Each line from the one with "Am Samstag am" through the last line below must be written out exactly. Do not copy pictures.

Extracted data entries:
^^^^

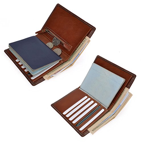 -. Feature : Good Material: Vegetable tanned (eco-friendly) genuine leather and finest stitching. The quality travel wallet will last you for a long time / Perfect Size: 4.5 X 5.9 inches / 11.5 X 15 cm, can fit in your pocket / Two Types of Passport Wallet: One is with 1 slip pocket for passport + 1 zippered coin purse + 6 credit card slots + 1 deep & big money pocket; The other 3 slip pocket for passport + 6 credit card slots + 1 deep & big money pocket; Designed to meet different needs / Functions: Travel wallet provides storage for boarding pass, passport, credit cards, money, tickets, some important documents and coins (coins slot only for the wallet with coin pocket) / Feature: Have a pleasant journey with the lightweight and durable passport wallet that keep your carry-on essentials organized
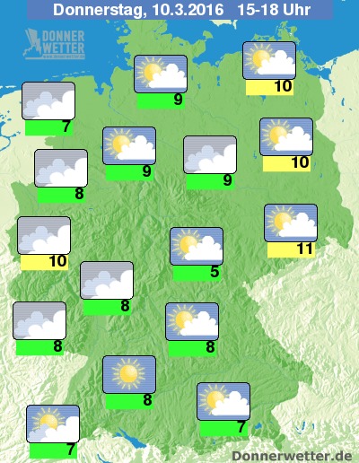 Am Samstag am Alpenrand und Erzgebirge teils dichte Wolken, meist trocken, sonst oft heiter oder wechselnd bewölkt, an der Nordsee meist starke Bewölkung, trocken, 6 bis 11 Grad.
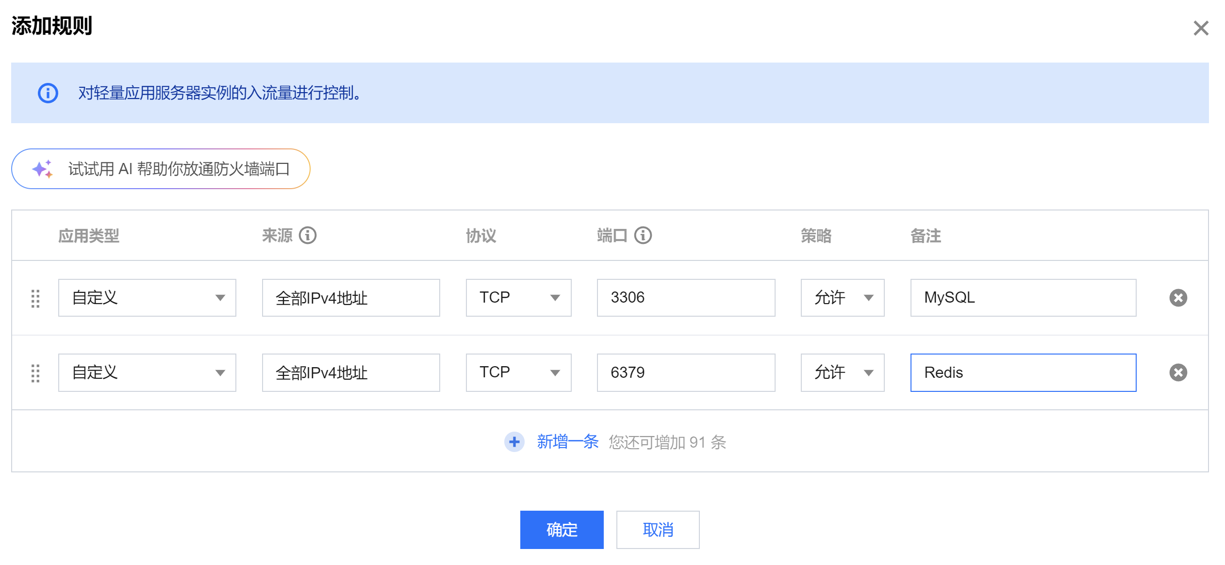 做好规划后,我们需要在腾讯云控制台的防火墙中开通需要外网访问的服务端口:
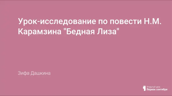 Представлен конспект урока-исследования по литературе в 8-м классе, который построен на основе анализа повести Н.М.Карамзина «Бедная Лиза». Реализует возможность развить понятие о лейтмотивах, подробно остановиться на основных мотивах повести; воспитать вдумчивого читателя, правильное отношение к материальным ценностям.
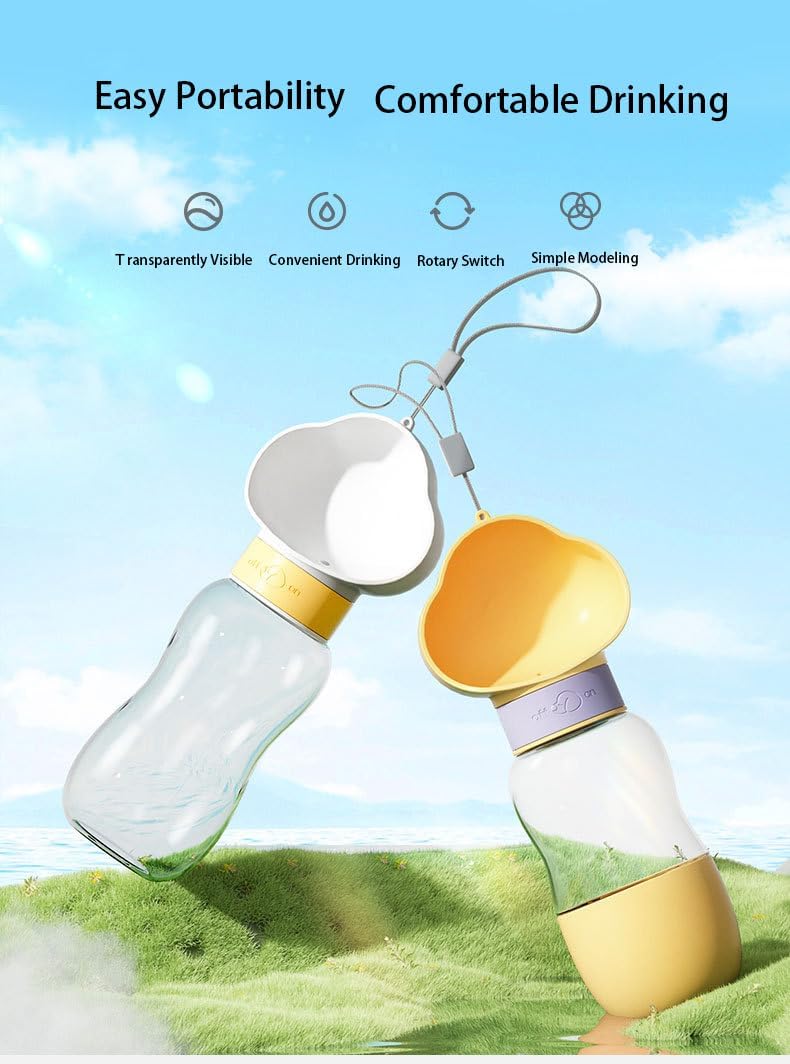 [Color and Size] The outdoor drinking bottle is available in white and yellow, size: L25.5xW10xH7cm, capacity 350ml + feeding 200ml, weight: 240g.
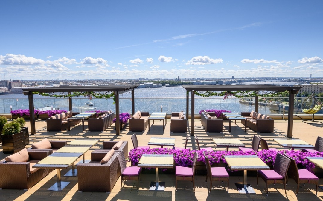 На крыше отеля «Санкт-Петербург», откуда открывается вид на акваторию Невы, гости могут послушать живую музыку, устроить свидание с бокалом игристого или организовать банкет на 80 человек. И все это на высоте 60 метров!
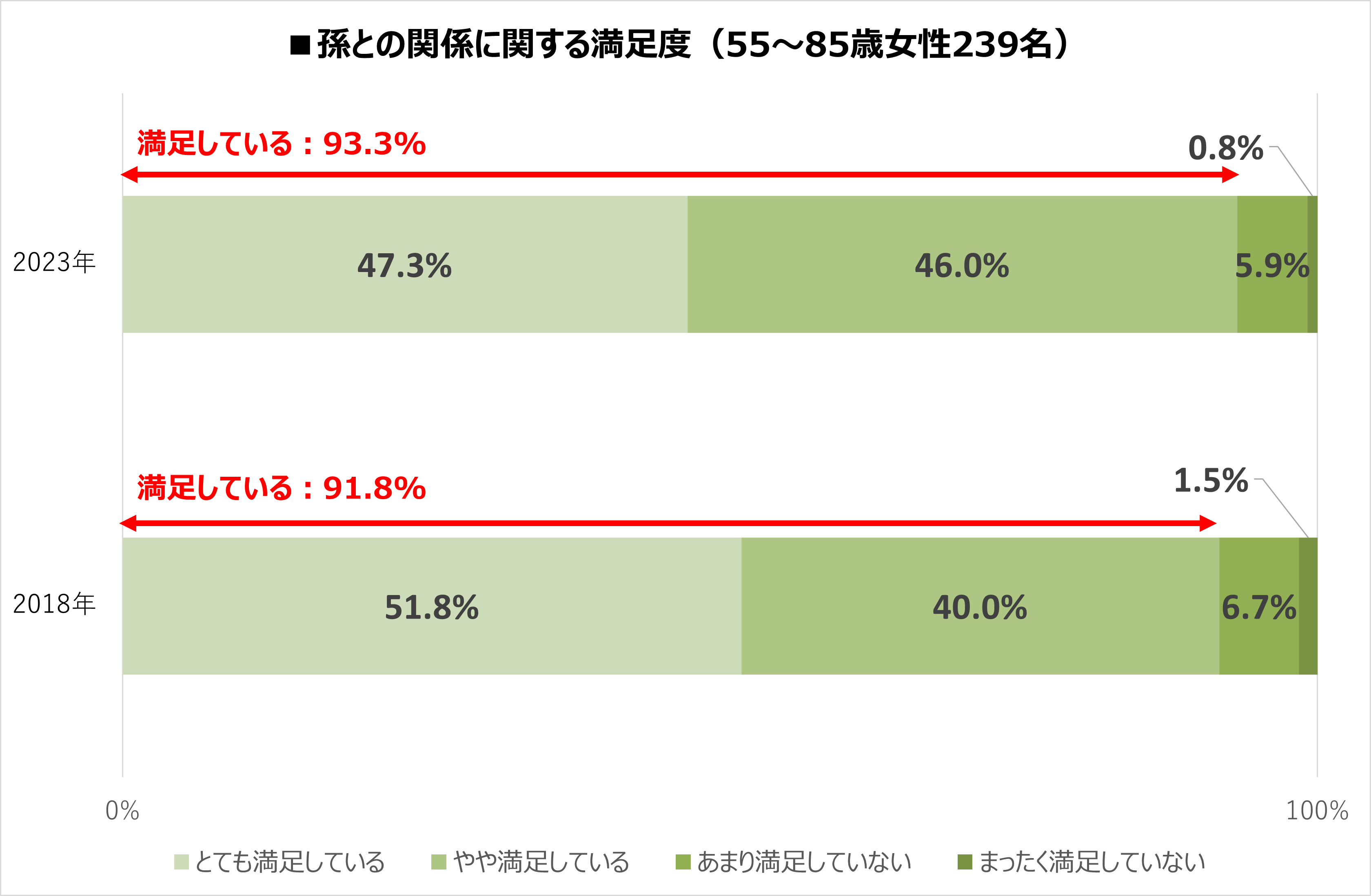 ⇒孫との関係に93.3%が満足と回答。前回調査の91.8%よりも満足度が高まっている。
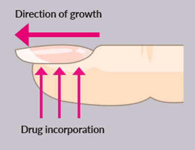 Incorporation of substances into nails mainly occurs through diffusion from the blood supply, which deposits substances to both the germinal matrix and the nail bed on the underside of the nail plate. Nails grow at a continuous rate; the average growth rate is 3 mm a month for fingernails and toenails at 1.1 mm a month.
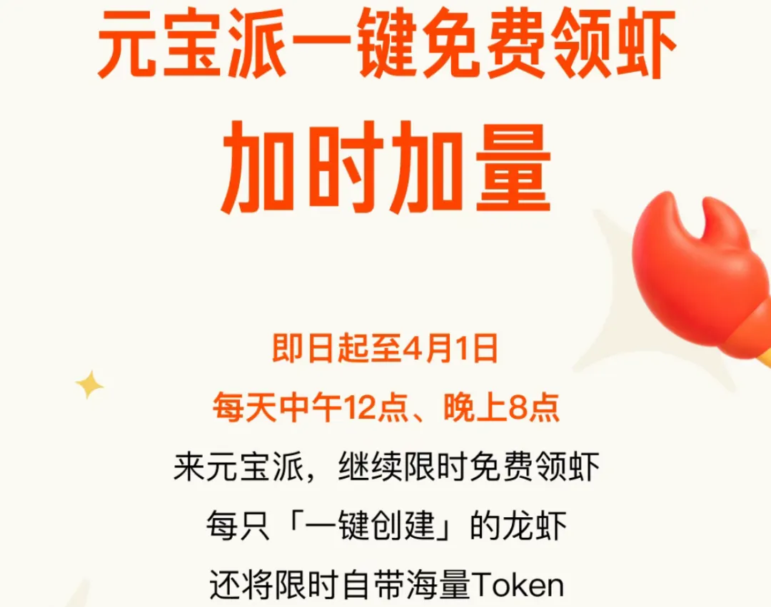 而且小雷前面提到的“一键养虾”也可以安排,拉进群里和派友一块养。当个办公小助手的同时,还能当个气氛组。没有“虾”的小伙伴也别急,3 月 24 日至 4 月 1 日,每天中午 12 点、晚 8 点都能限时免费到元宝派领虾,还自带海量 Token 哦。

^^^^

Exercise output —
 Am Samstag am Alpenrand und Erzgebirge teils dichte Wolken, meist trocken, sonst oft heiter oder wechselnd bewölkt, an der Nordsee meist starke Bewölkung, trocken, 6 bis 11 Grad.
 做好规划后,我们需要在腾讯云控制台的防火墙中开通需要外网访问的服务端口:
 Представлен конспект урока-исследования по литературе в 8-м классе, который построен на основе анализа повести Н.М.Карамзина «Бедная Лиза». Реализует возможность развить понятие о лейтмотивах, подробно остановиться на основных мотивах повести; воспитать вдумчивого читателя, правильное отношение к материальным ценностям.
 [Color and Size] The outdoor drinking bottle is available in white and yellow, size: L25.5xW10xH7cm, capacity 350ml + feeding 200ml, weight: 240g.
 На крыше отеля «Санкт-Петербург», откуда открывается вид на акваторию Невы, гости могут послушать живую музыку, устроить свидание с бокалом игристого или организовать банкет на 80 человек. И все это на высоте 60 метров!
 ⇒孫との関係に93.3%が満足と回答。前回調査の91.8%よりも満足度が高まっている。
 Incorporation of substances into nails mainly occurs through diffusion from the blood supply, which deposits substances to both the germinal matrix and the nail bed on the underside of the nail plate. Nails grow at a continuous rate; the average growth rate is 3 mm a month for fingernails and toenails at 1.1 mm a month.
 而且小雷前面提到的“一键养虾”也可以安排,拉进群里和派友一块养。当个办公小助手的同时,还能当个气氛组。没有“虾”的小伙伴也别急,3 月 24 日至 4 月 1 日,每天中午 12 点、晚 8 点都能限时免费到元宝派领虾,还自带海量 Token 哦。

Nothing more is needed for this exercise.